I knew the song was going to be something from the first time I heard the beat — not that it was going to become a worldwide song or break any records, but I knew it was special. I’d heard a lot of songs, but I’d never heard a song like this.
When Billboard dropped you from the country charts it reignited a conversation about the genre’s relationship with black artists. Did you care?
I didn’t. I honestly didn’t think the conversation was as big as it actually was, and then I thought, “Oh, my God, everything’s centered around me.†Of course, I understood why it was such a big deal, but I was happy that I had people rooting for me. I felt protected.
Most of us don’t have the world watching when we come out, but you did, and you did it as a young black man with the No. 1 song in the country. Did anyone try to talk you out of standing in your truth?
Yeah, there was definitely someone trying. I think it was more of a protective thing than anything else. I had only come out to, like, my sister and my dad in the same month … but I wanted to be someone that people are proud of.

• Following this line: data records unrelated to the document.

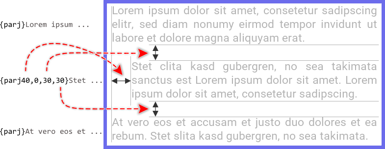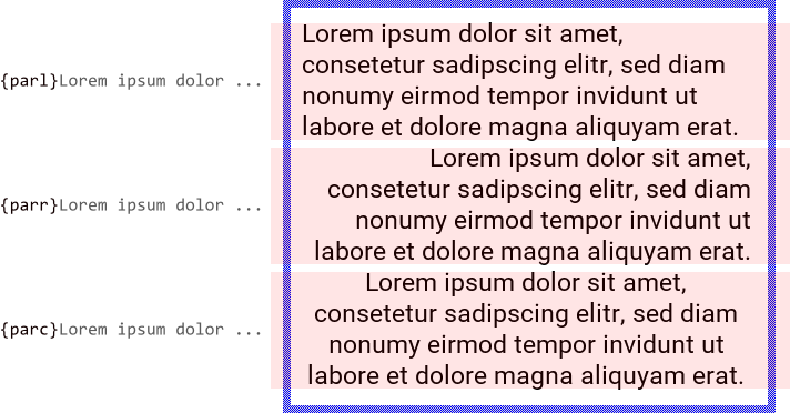Per default, the text rows belonging to a paragraph are left aligned. By using the {parr} version of the attribute (with an additional r in its name) the rows will appear right aligned. Accordingly, the attribute version {parc} centers the rows horizontally. In fact, the above described attribute {par} exists just for your convenience as an alias for the {parl} version (with l in its name standing for left). The both are thus equivalent. The following figure demonstrates the alignment effect depending on the used version of the {par} attribute:
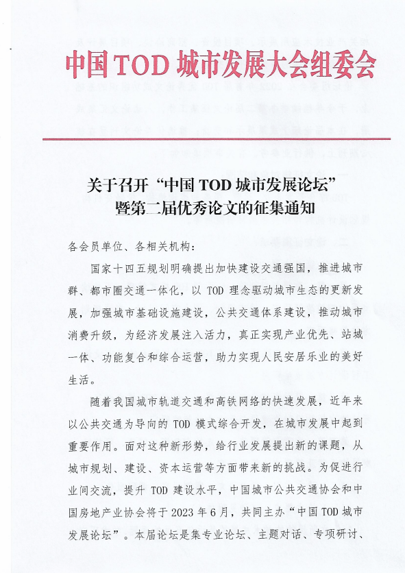 关于召开 “中国TOD城市发展论坛”暨第二届优秀论文的征集通知
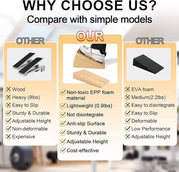 - ※ PORTABLE & EASY TO CLEAN DESIGN : Our Calf Stretcher has a foldable design that is lightweight and easy to carry. They can be used in any combination as well as individually and are extremely lightweight for portability. It's stain-resistant and quickly regains its shine just by wiping with a cloth and rinsing with water. Work out your legs and feet with this squat wedges for runners and fitness enthusiasts, it's perfect for squats and will boost your workouts
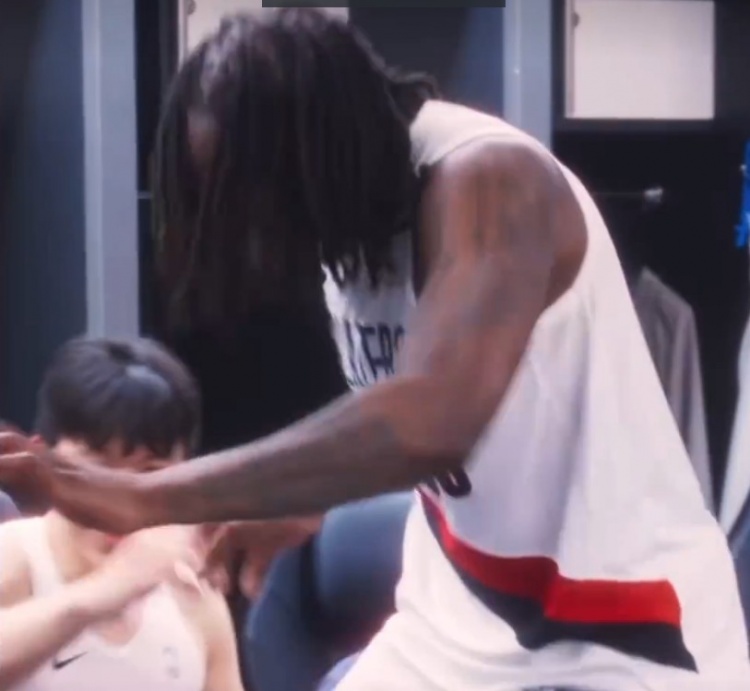 4月11日讯 NBA常规赛,开拓者116-97击败快船,排名升至第八位。赛后在更衣室罗威拉着杨瀚森的手激动地跳舞。
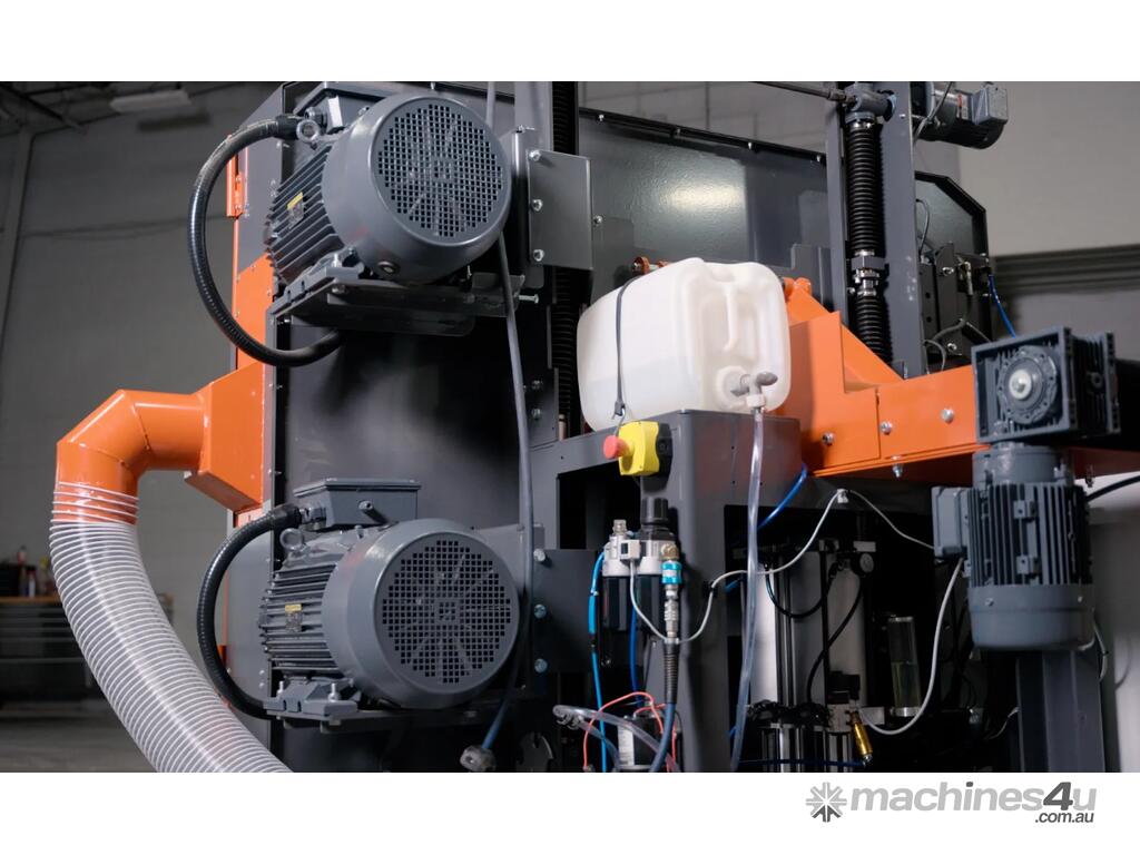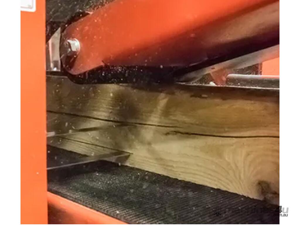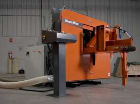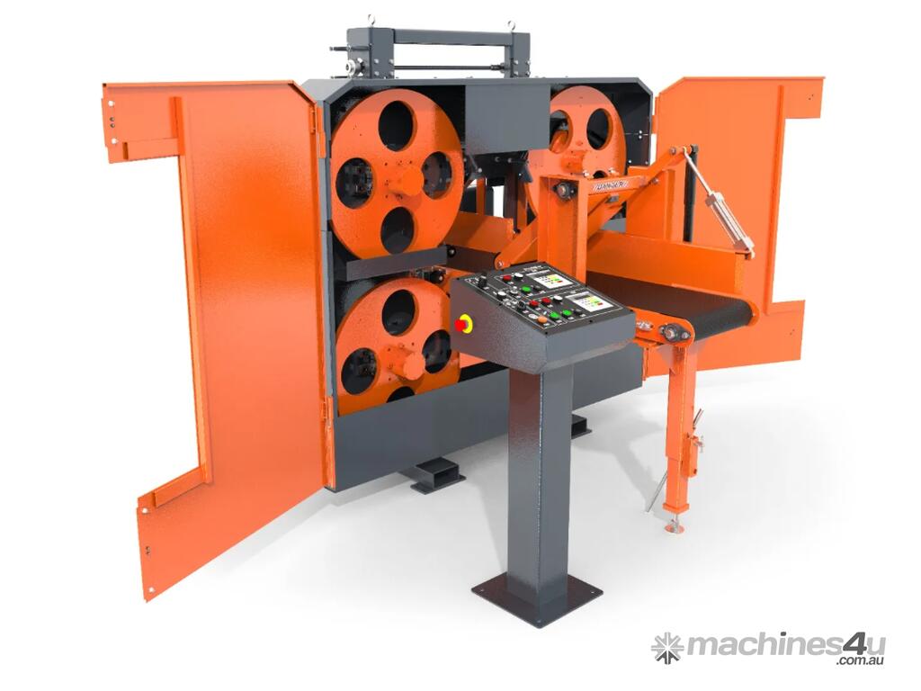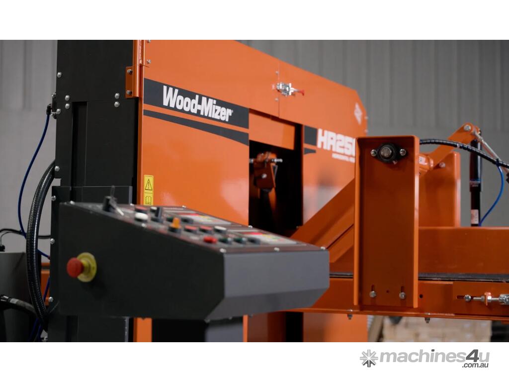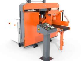 Designed for high-production lumber and pallet board operations, the HR250 features two horizontal bandsaw blades within one compact head which is ideal for resawing cants, boards, or reclaimed material into two or three pieces with each pass. Powered by two 25HP (18kW) saw wheel motors and two 2HP (.75kW) gear box motors, the HR250 is built to last with heavy-duty construction, premium components, and 28" (710mm) diameter dynamically balanced steel band wheels.
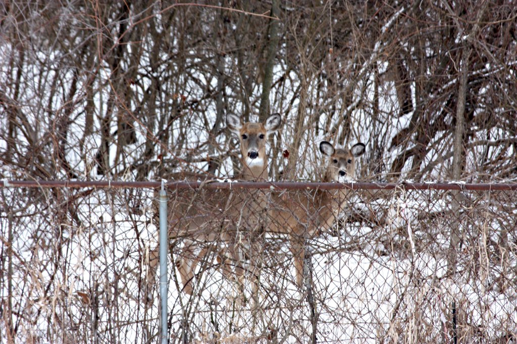 Besides cardinals, deer roam the woods behind my house. These two posed for a photo last year.
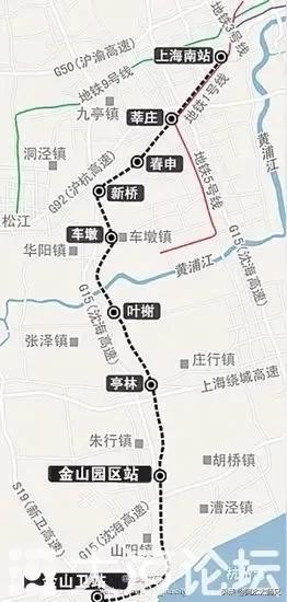 金山铁路,从上海南站到金山卫,途经徐汇区、闵行区、松江区、金山区,全程56.4km,设计时速160km,起点到终点运行时间32—48分钟,辐射沿途居民约360万。
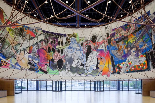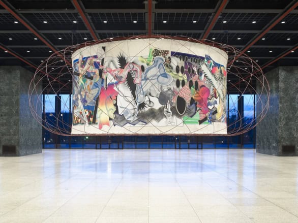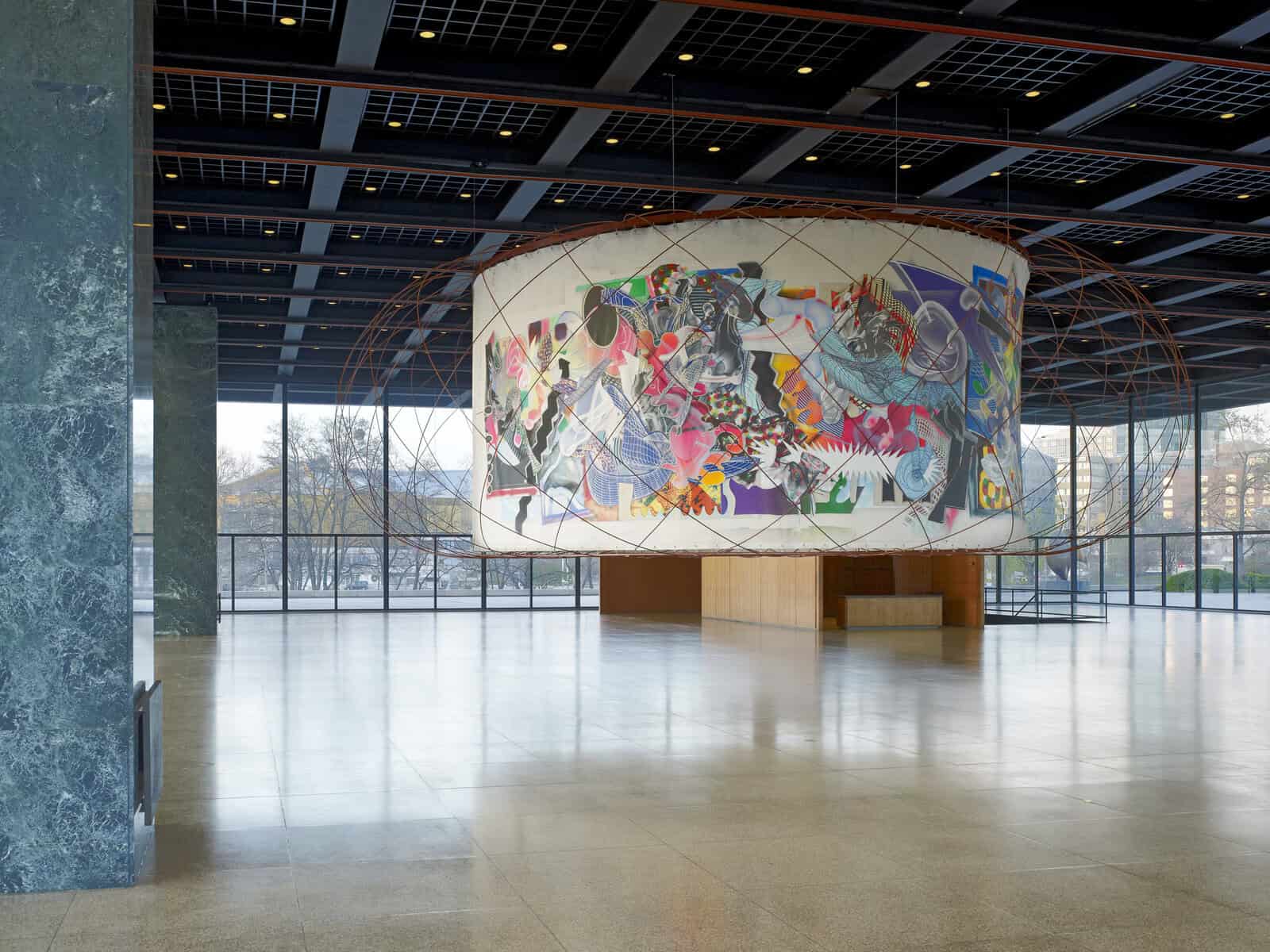 “Upon approaching the renown last building by Mies van der Rohe, a distinct glass pavilion supported by the German architect’s signature grid of steel beams, one immediately is captivated by the massive caged painting that hangs roughly seven feet from the floor. The structure, a collaboration between Santiago Calatrava and Frank Stella, is at once imposing and sublime. The neon colors of the 98 foot mural immediately jump out and clash against the surrounding stoic tones, while the gridded donut enclosure acts as an update the stagnant flat grid of Late Modern architecture. The collaboration between these two acclaimed figures manifests as an attempt to create a visual narrative within the space that traces a route from the Modern to the Contemporary. The Curtain certainly takes cues from early 20th century murals, but instead of opting for a figurative approach, this collaboration tells an abundantly abstract story of the reciprocating influence that painting and architecture have had upon one another, as well as point toward a vivid future where both disciplines can merge into one grand gesture.
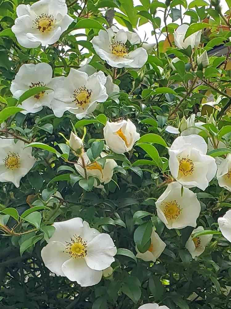 散歩道のナニワイバラが満開でした。たおやかなのに逞しい、そんなバラですね。
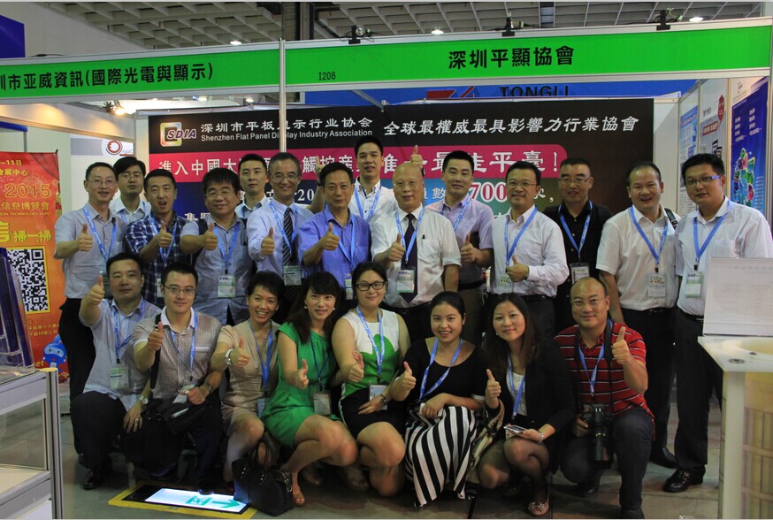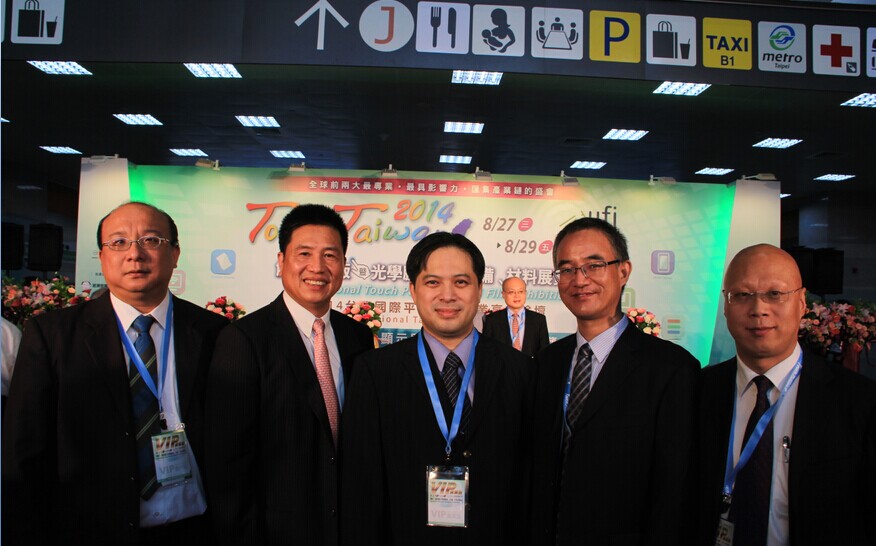 2014 Touch Taiwan于8月27日在臺北舉行。作為全球唯一通過UFI認證的觸控、面板暨光學膜產業的相關展覽會,吸引了430 家包括日本夏普、日本旭硝子、日本電氣硝子等多家國際大廠首度參展,并展出了最新的最前沿的觸控、面板的技術與產品。在此次產業盛會中,深圳市平板顯示行業協會偰正才秘書長、梁毅副秘書長、胡偉副秘書長帶領協會會員單位及企業代表赴臺組團參觀、參展與實地考察。本次考察團有來自宇龍酷派、俊達光電、東麗華、金耀玻璃、廈門豪爾、海斯迪克、金龍科技、君信達、鴻瑞祥光學、昶檀實業、康樂德實業、五株電子、春之實智能、合力泰、源興光學、同創儀器、三海光電、尤特材料、點金科技等企業共計40位企業高層參加。本次盛會上我協會也帶來CITE2015的最新籌備情況,并與臺灣多家產業協會溝通、交流,共同為兩岸平板顯示觸控產業的發展提供新的合作思路。
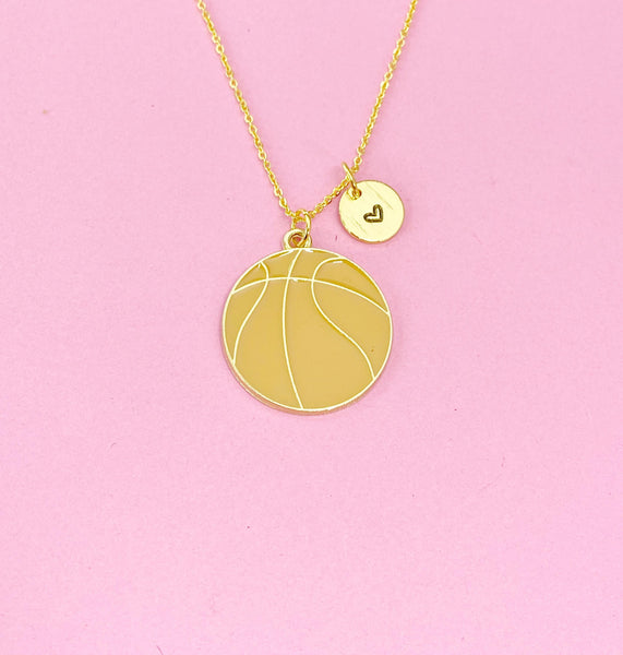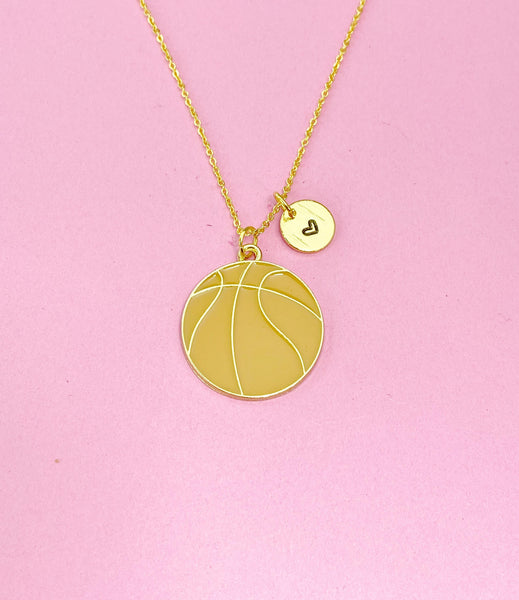 This is a gold tone basketball charm with hand stamped initial charm on brass or stainless-steel chain.

How’s the new album coming along?
It’s pretty great, but I’m not going to stop until it’s absolutely incredible. I want to keep it a little more under wraps for now, but I’m working with a lot of new people. I’m most proud of being able to work with Pharrell.
Do you feel any added pressure to deliver the music quickly? The internet has a quick pace when it comes to music.
At first, I was feeling that way. But now I feel like I don’t have to fear that if I don’t rush music out, things are going to go away. The truth is, as long as I put out a song that people want to listen to, I’m going to be fine.